=== Section Start ===

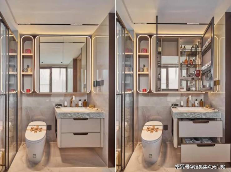 保利天奕特别关注到女性的生活需求,专门在卫生间配备了 科勒美颜龙头、美妆镜柜、美妆冰箱,采用“ 顶+面双补光照明”,能把“女本位”需求做到如此细致,目前没有几个项目能做到!
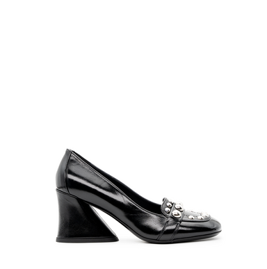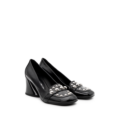 Soft leather pumps in black from Strategia. A round-curved toe, slip-on design. Metallic studs. Leather lining. Leather sole. Item Code: 5668 Mater...
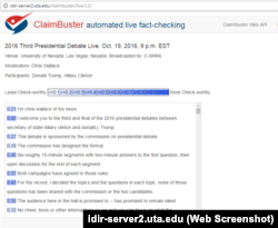 Или же ресурс ClaimBuster, который способен в прямом эфире расшифровывать выступления политиков и отмечать фразы, которые стоит проверить.
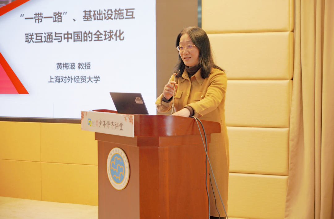 2023年12月26日,国际发展合作研究院院长、国际经贸研究所所长黄梅波教授受邀参加了“‘奋斗青春担大任,自信自强创伟业’2023年上海市未成年人修身励志讲堂巡讲暨《筑梦丝路青年有为》闵行区‘少年修齐讲堂’”活动并作了题为《“一带一路”基础设施互联互通与中国经济的全球化》的主旨演讲。

=== Section End ===

▸ **What you have to do**: Reproduce all of the material above word for word. Omit the pictures.

▸ **Solution to this problem**:
 保利天奕特别关注到女性的生活需求,专门在卫生间配备了 科勒美颜龙头、美妆镜柜、美妆冰箱,采用“ 顶+面双补光照明”,能把“女本位”需求做到如此细致,目前没有几个项目能做到!
 Soft leather pumps in black from Strategia. A round-curved toe, slip-on design. Metallic studs. Leather lining. Leather sole. Item Code: 5668 Mater...
 Или же ресурс ClaimBuster, который способен в прямом эфире расшифровывать выступления политиков и отмечать фразы, которые стоит проверить.
 2023年12月26日,国际发展合作研究院院长、国际经贸研究所所长黄梅波教授受邀参加了“‘奋斗青春担大任,自信自强创伟业’2023年上海市未成年人修身励志讲堂巡讲暨《筑梦丝路青年有为》闵行区‘少年修齐讲堂’”活动并作了题为《“一带一路”基础设施互联互通与中国经济的全球化》的主旨演讲。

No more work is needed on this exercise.